Women make up much of Nursing, with 89% of Nursing graduates being female. Additionally, while there are less women in Communication Disorders, their proportion is still 96%. 

If I arrange the subset from lowest to highest amount of female graduates, we can see the top five majors with the least amount of women:

In [76]:
#arrange dataset by 'Women' column, from lowest to highest
#show top 5 results
women_most.sort_values(by=['Women'],ascending=True).head()

Unnamed: 0,Major,Women,ShareWomen
1,MINING AND MINERAL ENGINEERING,77,0.101852
39,MATHEMATICS AND COMPUTER SCIENCE,109,0.178982
2,METALLURGICAL ENGINEERING,131,0.153037
3,NAVAL ARCHITECTURE AND MARINE ENGINEERING,135,0.107313
24,GEOLOGICAL AND GEOPHYSICAL ENGINEERING,232,0.322222


Four out of five of the above majors are engineering based. For three of those four engineering majors, women only make up 10 - 15% of them.

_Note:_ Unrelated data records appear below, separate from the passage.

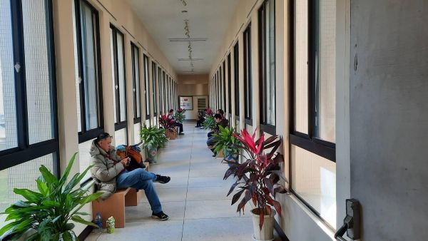 圖4.行政大樓一樓新設廊道成為陪考家長的最愛。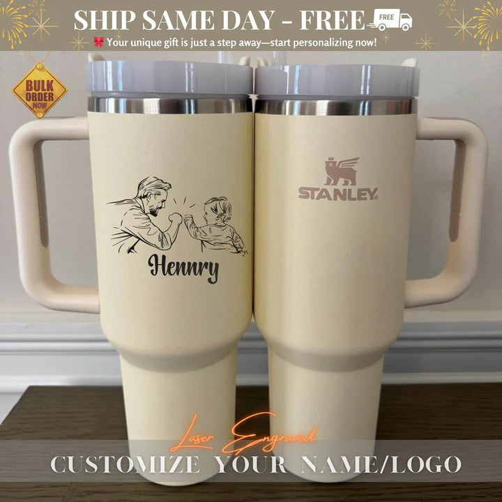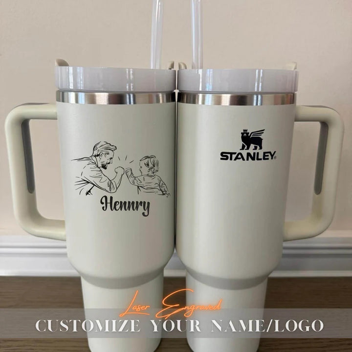 Dad Fist Bump Kids Names Tumbler, Father's Day Gift for Daddy, Tumbler Laser Engraved 40oz Stainless Steel Cup, Personalised Tumbler for Dad Your Unique Gift is Just a Step Away – Start Personalizing Now! Elevate your hydration game with the Stanley Quencher H2.0 Flow State Tumbler – a premium, laser-engraved stainless steel vacuum-insulated tumbler designed to keep you refreshed all day long. Whether you're hiking, commuting, or running errands, this tumbler is your perfect hydration companion, combining style, durability, and functionality. Why Choose the Stanley Quencher H2.0 Tumbler? • All-Day Temperature Control: Keeps drinks hot for 7 hours, cold for 11 hours, and iced for up to 2 days. • Eco-Friendly & Sustainable: Made with 90% recycled 18/8 stainless steel and BPA-free materials, featuring a recycled stainless steel icon inside to highlight its eco-conscious design. • Personalized Perfection: Add a custom touch with high-quality laser engraving that won’t fade, peel, or wear off. Perfect for names, monograms, logos, or meaningful quotes. • Travel-Ready Design: a reusable straw, a comfort-grip handle, and a base that fits most car cup holders (3.1” diameter). • Built to Last: Durable, double-wall vacuum insulation ensures your drinks stay at the perfect temperature, no matter where life takes you. Product Details: • Dimensions: 3.86" L x 5.82" W x 12.3" H • Material: 90% recycled 18/8 stainless steel, BPA-free • Features: Double-wall vacuum insulation, reusable straw, comfort-grip handle, car cup holder compatible Perfect for Every Occasion: • Personalized Gifts: Ideal for weddings, anniversaries, Valentine’s Day, Mother Day, Father Day, Nurse Day, Thanksgiving Day, Halloween Day, Christmas Day, birthdays, or holidays. • Thoughtful Tokens: Great for teachers, brides, grooms, sports enthusiasts, or coffee lovers. • Corporate & Branded Merchandise: Add your logo for a unique promotional item. • Everyday Essentials: A must-have for outdoor adventures, work, or travel. How It Works: 1. Choose Your Tumbler: Select the Stanley Quencher H2.0 Tumbler. 2. Personalize It: Add your custom text, name, monogram, or logo during checkout. 3. Enjoy or Gift: Receive a one-of-a-kind tumbler that’s perfect for you or a loved one. Shipping & Returns: • Processing Time: Orders are processed within 1-6 business days. You’ll receive a tracking number once your order ships. • Return Policy: As each tumbler is made to order, we do not accept returns or exchanges. However, if you have any issues, please reach out—we’re here to help! Thank You for Supporting Our Small Business! — Us Engravo Make It Yours Today – Personalize Now! Personalized Tumbler, Custom Tumbler, Laser Engraved Tumbler, Engraved Travel Mug, Personalized Coffee Tumbler, Custom Insulated Tumbler, Engraved Stainless Steel Tumbler, Personalized Travel Tumbler, Custom Monogrammed Tumbler, Engraved Water Bottle, Custom Name Tumbler, Personalized Gifts, Custom Gifts, Engraved Gifts, Wedding Gifts, Anniversary Gifts, Valentine’s Day Gifts, Unique Gifts for Her, Gifts for Him, Custom Drinkware, Personalized Cup, Gifts for Couples, Custom Stanley, Monogrammed Gifts, Personalized Water Bottle, Gift for Bride, Personalized Travel Mug, Custom Insulated Cup, Stanley Cup, Stanley Tumbler, Personalized Stanley, Custom Stanley Cup, Stanley 40oz, Stanley Travel Mug, Stanley Mug, Stanley Insulated Cup, Stanley Drinkware, Engraved Stanley Cup, Stanley Cup Custom, Stanley Cup Personalized, Stanley 40oz Tumbler, Stanley Cup Gift, Custom Stanley Tumbler, Stanley Water Bottle, Stanley Mug Custom, Stanley Anniversary Gift, Stanley Gift for Him, Stanley Gift for Her, Custom Stanley 40oz Mug for Summer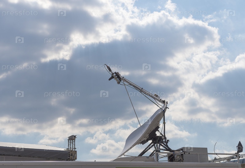 Спутниковая антенна на стене с голубым небом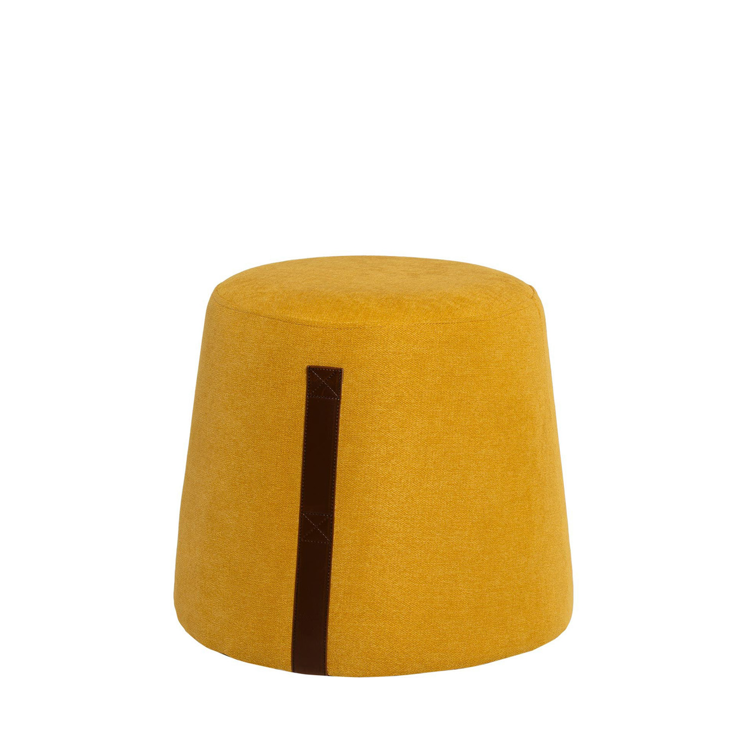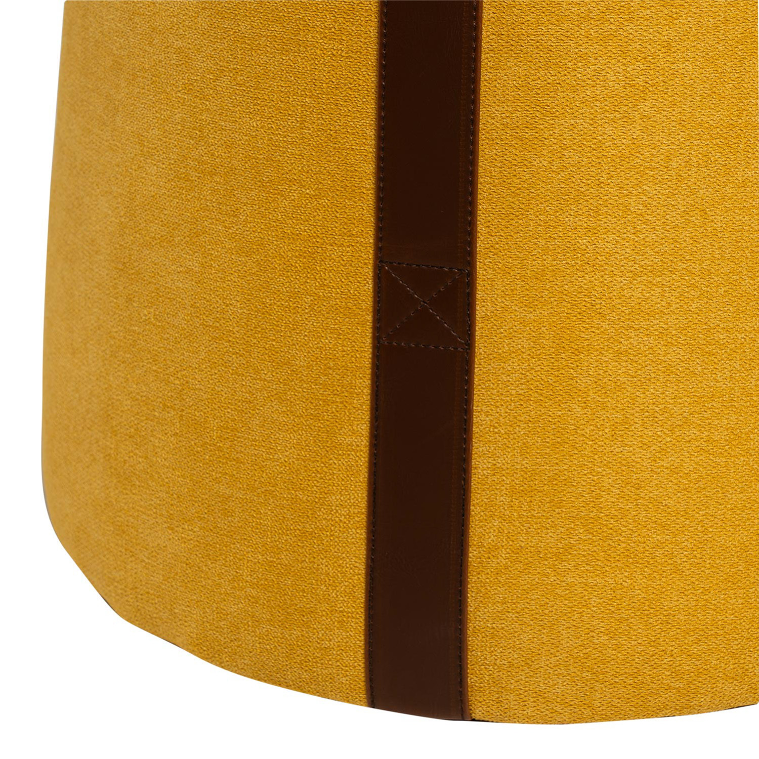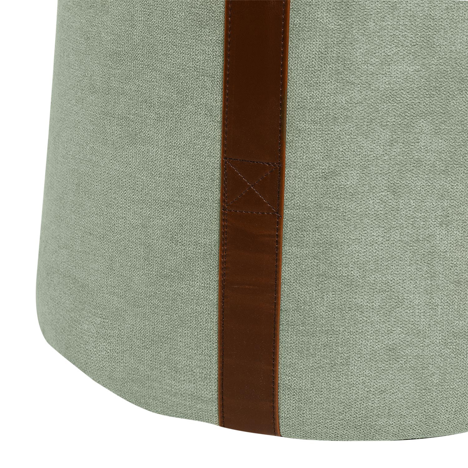 En el lateral, un asa de polipiel añade un elemento práctico y decorativo, facilitando su traslado y convirtiéndolo en una pieza versátil para moverlo de un rincón a otro.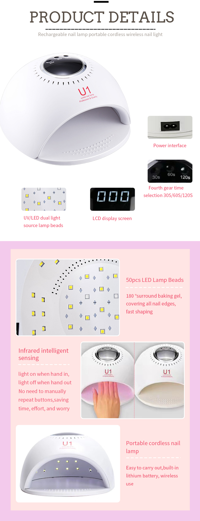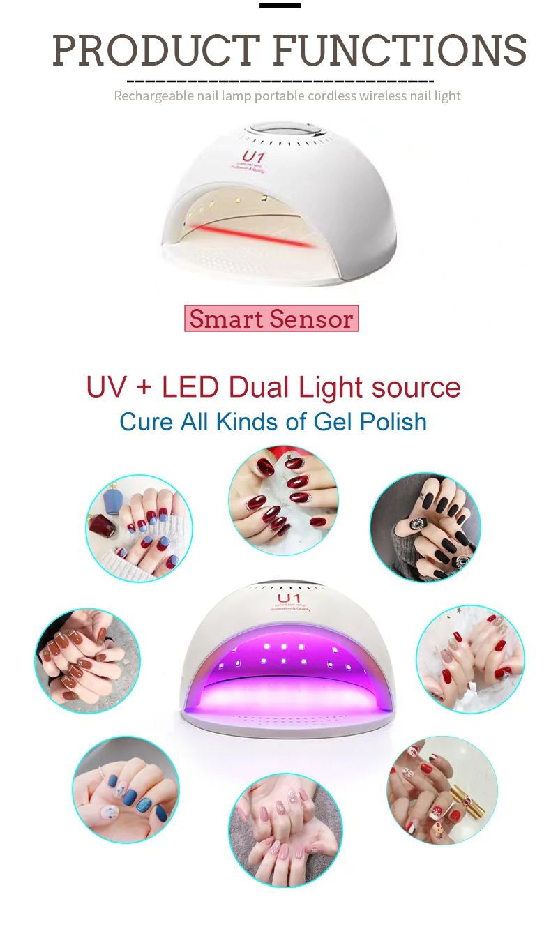 이 제품은 수축 없이 균일한 접착제 건조를 보장합니다. 듀얼 광원이 부드러운 발열을 제공하여 손 변색과 눈의 피로를 방지하고 손과 발 모두에 적합하며 매우 빠른 건조 결과를 제공합니다.

Let us see which majors host the most men:

In [77]:
#create dataset with columns 'Major','Men', 'ShareMen'
men_most=stem[["Major", "Men","ShareMen"]]
#arrange dataset by 'Men' column, from highest to lowest
#assign top 5 results to abc
abc=men_most.sort_values(by=['Men'],ascending=False).head()
#show abc
abc

Unnamed: 0,Major,Men,ShareMen
70,BIOLOGY,111762,0.398142
18,COMPUTER SCIENCE,99743,0.777305
7,MECHANICAL ENGINEERING,80320,0.880441
9,ELECTRICAL ENGINEERING,65511,0.80355
16,GENERAL ENGINEERING,45683,0.74704


Three out of the five majors with the most male graduates are engineering based. 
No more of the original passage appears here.